There's one slight addition I'd like to make to sentimentR (Created a PR on trinker/sentimentr) and I'll present my side of the case to you - I've run a lot of the algorithm on conversational text data which means the data is usually some sort of a dialogue. A lot of users use commas and pause words right before* valence shifters which is causing differences in the sentiment calculation.
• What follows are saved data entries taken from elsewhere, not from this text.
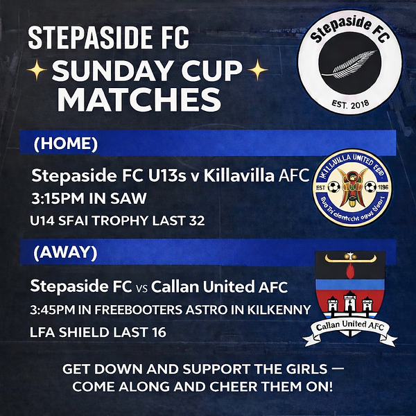 The Stepaside Senior Girls travel to the Freebooters Astro for a 15:45 kick-off as they take on Callan United AFC in the Last 16 of the Ladies Leinster Shield.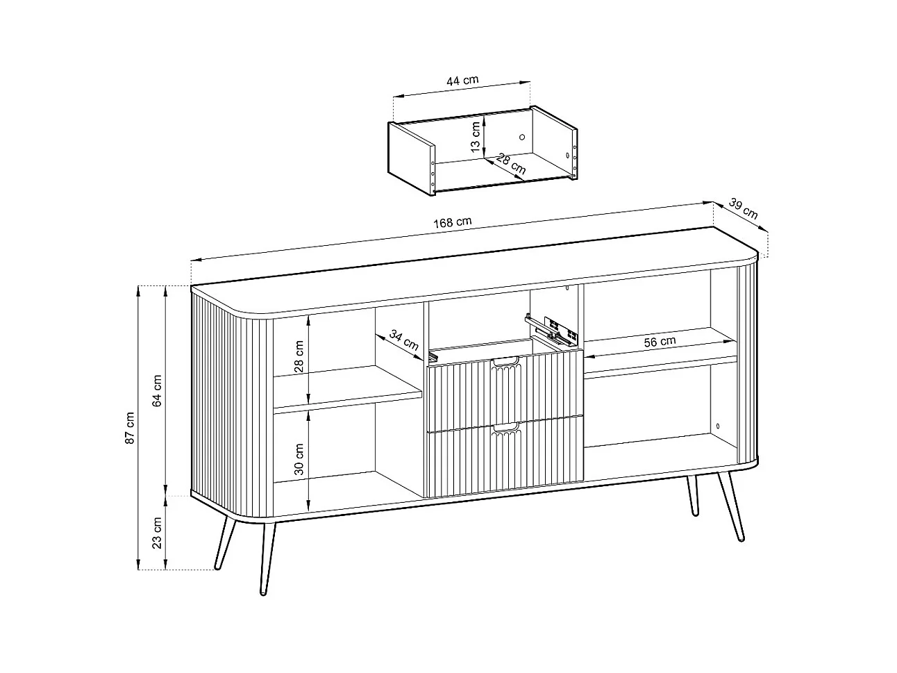 Commode ORO K-160 Moderne 160 cm Large Beige, 2 Portes, 2 Tiroirs, Push-to-Open, Pieds Métal Noir 23 cm, Panneau Stratifié 16 mm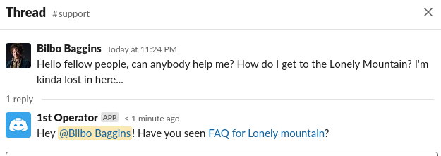 If the bot notices messages in the #support channel's main thread that contains a predefined regexp, it starts a new thread and links FAQ document for each matched regexp.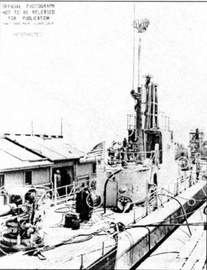Только совсем небольшое число подлодок получили полный комплект радиолокационных антенн, как показанная на фото «Mingo», 17.06.1945г. Зенитный радар SS последних лет выпуска заменил прямоугольную антенну SD большой овальной, предстваленной на снимке. Подъемная антенна теперь использовалась для дальней связи и заменила штыревую антенну, которая прежде использовалась для дублирования SD.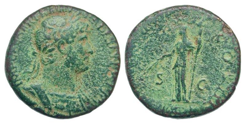 Lot 47-130. Hadrian. A.D. 117-138. AE sestertius. Rome mint, struck A.D. 120-122.

I examined the Kaggle Movie Reviews dataset since it's plugged into your package and roughly 33% of sentences (total length of dataset ~7K) contain commas - and ~2% of those vary in sentiment due to the addition that I've made to the code.
Since Kaggle Movie Reviews isn't a conversational text dataset, I strongly believe that these numbers can go up and further increase the accuracy+scope of sentimentR in certain use-cases (also because I've only done this on commas for now, I could include all pauses if this makes sense to you) without worsening parts of it since the code only works when pauses are before valence shifters and lets them be if they're placed otherwise. [Currently in trial-mode, so runs if the neutral.nonverb.like = T and haven't created a new param for it yet. Will do if you think it's worth an addition.]
Attaching some snippets of results and code for you to see the difference yourself, would love to hear back on you.
I'm also coming up with an algorithm similar to the sentprop by Stanford around lexicon generation that can help automatically build valence shifters and polar words; I would love to hear your thoughts on it if that's feasible, when I've progressed more in that space.
Thanks a lot, Tyler! Your work is kickass and I'm really thankful! :)
P.S We're connected on LinkedIn: https://www.linkedin.com/in/shantanu--kumar/
Thanks @Shantanu1497 This sounds promising. I want to understand more.
You said:
A lot of users use commas and pause words right before* valence shifters which is causing differences in the sentiment calculation.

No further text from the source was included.